It looks like a case of garbage in, garbage out. Here are a few clues on how to see what you've got in your data. repr()
and unicodedata.name()
are your friends.
>>> s = ' mwen bezwen \xc3\xa3 \xc2\xa8 d medikal '
>>> print repr(s.decode('utf8'))
u' mwen bezwen \xe3 \xa8 d medikal '
>>> import unicodedata
>>> unicodedata.name(u'\xe3')
'LATIN SMALL LETTER A WITH TILDE'
>>> unicodedata.name(u'\xa8')
'DIAERESIS'
>>>
Update:
If (as A. N. Other implies) you are letting the package choose the output language at random, and you suspect its choice is e.g. Korean (a) tell us (b) try to decode the output using a codec that's relevant to that language .... here are not only Korean but also two each of Chinese, Japanese, and Russian:
>>> s = ' mwen bezwen \xc3\xa3 \xc2\xa8 d medikal '
>>> for enc in 'euc-kr big5 gb2312 shift-jis euc-jp cp1251 koi8-r'.split():
print enc, s.decode(enc)
euc-kr mwen bezwen 찾 짢 d medikal
big5 mwen bezwen 瓊 穡 d medikal
gb2312 mwen bezwen 茫 篓 d medikal
shift-jis mwen bezwen テ」 ツィ d medikal
euc-jp mwen bezwen 達 即 d medikal
cp1251 mwen bezwen ГЈ ВЁ d medikal
koi8-r mwen bezwen цё б╗ d medikal
>>>
None very plausible, really, especially the koi8-r. Further suggestions: Inspect the documentation of the package you interfacing with (URL please!) ... what does it say about encoding? Between which two languages are you trying it? Does "mwen bezwen" make any sense in the expected output language? Try a much larger sample of text -- does chardet still indicate UTF-8? Does any of the larger output make sense in the expected output language? Try it translating English to another language that uses only ASCII -- do you get meaningful ASCII output? Do you care to divulge your Python code and your swig interface code?

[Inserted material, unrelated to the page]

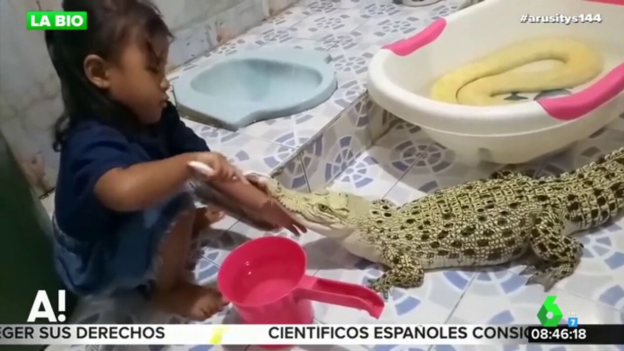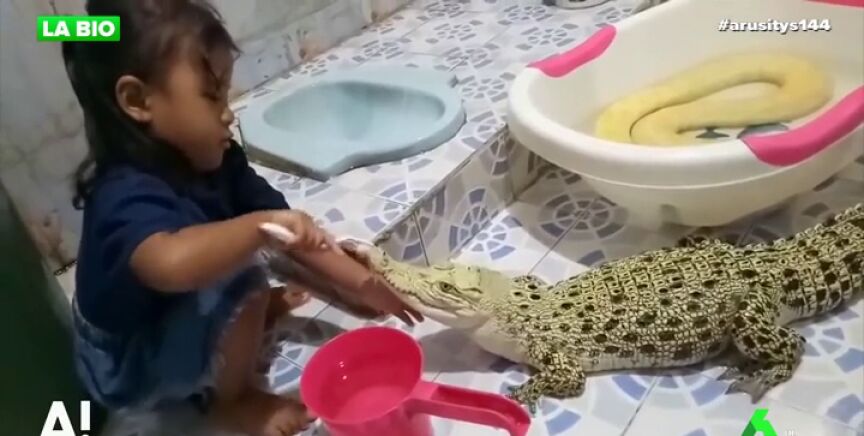 Arusitys analiza un polémico vídeo que se ha hecho viral en el que de ve cómo una niña cepilla los dientes y maquilla a un cocodrilo en el baño de su casa. La pequeña, además, está sentada junto a una pitón.

update 2 The information flow is interesting: "a string processing app" -> "a statistical language translation system" -> "a machine translation system (opensource/freesoftware) to help out in haiti (crisiscommons.org)"

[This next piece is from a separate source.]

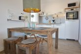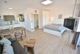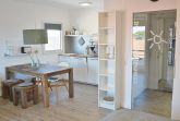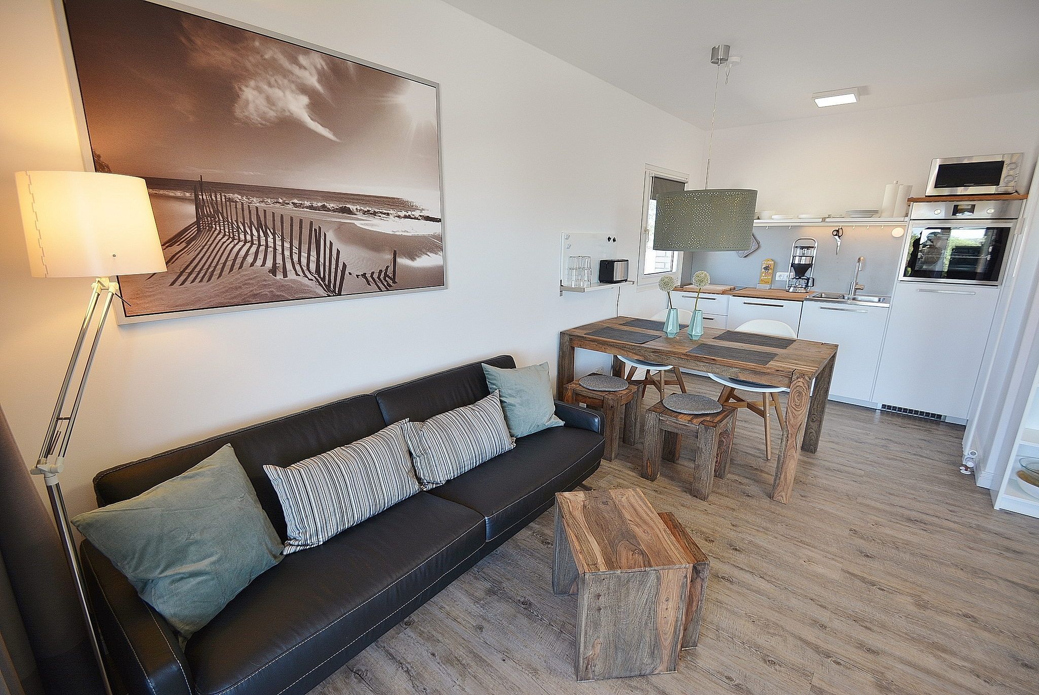Moderne, komplett eingerichtete, zum Wohnbereich offene Küche. Die Küche ist mit einem Ceran- Kochfeld, einer Spülmaschine, einem Wasserkocher, Toaster, Kaffeemaschine, einem Kühlschrank und einer Mikrowelle ausgestattet.

Please try to replace "unknown" by the facts in the following:
Input language: English (guess)
Output language: Haitian Creole
Operating system: linux
Python version: unknown
C++ package name: unknown
C++ package URL: unknown
C++ package output encoding: unknown
Test 1 input: unknown
Test 1 expected output: unknown
Test 1 actual output (utf8): ' mwen bezwen \xc3\xa3 \xc2\xa8 d medikal '
[Are all of those internal spaces really in the string?]
Test 2 input: 'I need medical aid.'
Test 2 expected output (utf8): 'Mwen bezwen \xc3\xa8d medikal.'
Test 2 actual output (utf8): unknown
Test 2 obtained from both Google Translate (alpha) and
Microsoft Translate (beta):
Mwen bezwen èd medikal
.
The third word is LATIN SMALL LETTER E with GRAVE (U+00E8) followed by 'd'.
Update 3
You said """input: utf8 (maybe, i think a couple of my files might have improperly coded text in them) """
Assuming (you've never stated this explicitly) that all your files should be encoded in UTF-8:
The zip file of aligned en-fr-ht corpus has several files that crash when one attempts to decode them as UTF-8.
Diagnosis of why this happens:
chardet is useless (in this case); it faffs about for a long time and comes back with a guess of ISO-8859-2 (Eastern Europe aka Latin2) with a confidence level of 80 to 90 pct.
Next step: chose the ht-en directory (ht uses fewer accented chars than fr therefore easier to see what is going on).
Expectation: e-grave is the most frequent non-ASCII character in presumed-good ht text (a web site, CMU files) ... about 3 times as many as the next one, o-grave. The 3rd most frequent one is lost in the noise.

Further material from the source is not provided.